##### Jun 04, 2024

# How do magnets and electricity work?

##### #notes • 2719 words

Posts tagged "notes" represent my current knowledge and may be incorrect or misleading.

Electromagnetism feels like something I should have been taught before graduating high school. (My school didn't offer AP Physics E&M, but I'm not sure that would have covered everything I needed anyway.) Alas, as with many things, we can do nothing but fill in the gaps for ourselves. :)

Magnets and electricity superficially seem like two very different things. At least, I thought they were. They just... don't seem related. Magnets are, like, push-pull-y and electricity is, like, zappy or something. Everyone else also probably thought this until the 19th century, when electromagnetics developed into a successful field of study.

They're actually part of the same fundamental force, *electromagnetism.* Magnets in motion create electric fields; electric charges in motion create magnetic fields.

With these two things put together, electromagnetism is one of the four fundamental forces of nature, along with gravity and the two nuclear forces (strong and weak).

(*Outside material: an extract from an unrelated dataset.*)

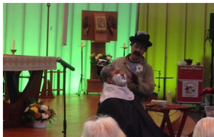
Dorus met grappen en grollen

Met een plechtig lof en uitstelling van het H. Sacrament wordt de dag afgesloten met een mooi Ave Maria gezongen door moeder en schoondochter.

These fundamental forces seemed kind of mystifying to me, until I read the Advertisement section in David J. Griffiths' *Introduction to Electrodynamics*:

Mechanics tells us how a system will behave when subjected to a given force. There are just four basic forces known (presently) to physics: I list them in the order of decreasing strength:

- Strong
- Electromagnetic
- Weak
- Gravitational

He goes on to articulate that nearly all the forces you'll deal with in regular life are electromagnetic — friction, normal force, the forces that keep you from falling through the floor and that keep atoms together — except, of course, gravity, which is weak enough that it's only really noticeable with *extremely* large masses like planets or stars.

The **strong** force binds protons and neutrons together in nuclei and keeps quarks together to make hadrons (e.g. protons and neutrons, but notably not electrons, and including some other strange unfamiliar things); the **weak force** causes radioactive decay, idrk, it's complicated. Both of these nuclear forces operate on such a small scale that we do not notice them and don't ever deal with them in classical mechanics.

But, *woah,* nearly all the stuff you talked about in AP Physics C: Mechanics (this is my only reference point, sorry, it's the only useful physics class that I took in high school) is actually electromagnetic forces acting on a large scale.

Not only are electromagnetic forces overwhelmingly dominant in everyday life, they are also, at present, the only ones that are completely understood. There is, of course, a classical theory of gravity (Newton’s law of universal gravitation) and a relativistic one (Einstein’s general relativity), but no entirely satisfactory quantum mechanical theory of gravity has been constructed (though many people are working on it). At the present time there is a very successful (if cumbersome) theory for the weak interactions, and a strikingly attractive candidate (called chromodynamics) for the strong interactions. All these theories draw their inspiration from electrodynamics; none can claim conclusive experimental verification at this stage. So electrodynamics, a beautifully complete and successful theory, has become a kind of paradigm for physicists: an ideal model that other theories emulate.

(There are lots of other juicy things in the beginning of this textbook, I recommend checking it out! These quotes are from the fourth edition because that was easily accessible to me.)

Also, guess what? *Light* is just electromagnetic radiation! Magnets, electricity, and light are all the same fundamental thing manifesting in kinda different ways. It is here that I say WTF, this is awesome.

(section break here?)

**Special relativity** shows that electric and magnetic fields are different manifestations of the same thing, depending on the observer's frame of reference:

The Lorentz transformation of the electric field of a moving charge into a non-moving observer's reference frame results in the appearance of a mathematical term commonly called the magnetic field. Conversely, the

magneticfield generated by a moving charge disappears and becomes a purelyelectrostaticfield in a comoving frame of reference.

Which is weird, because I thought relativity was something Einstein came up with to figure out gravity-related things. Oh well, I guess this'll make sense eventually.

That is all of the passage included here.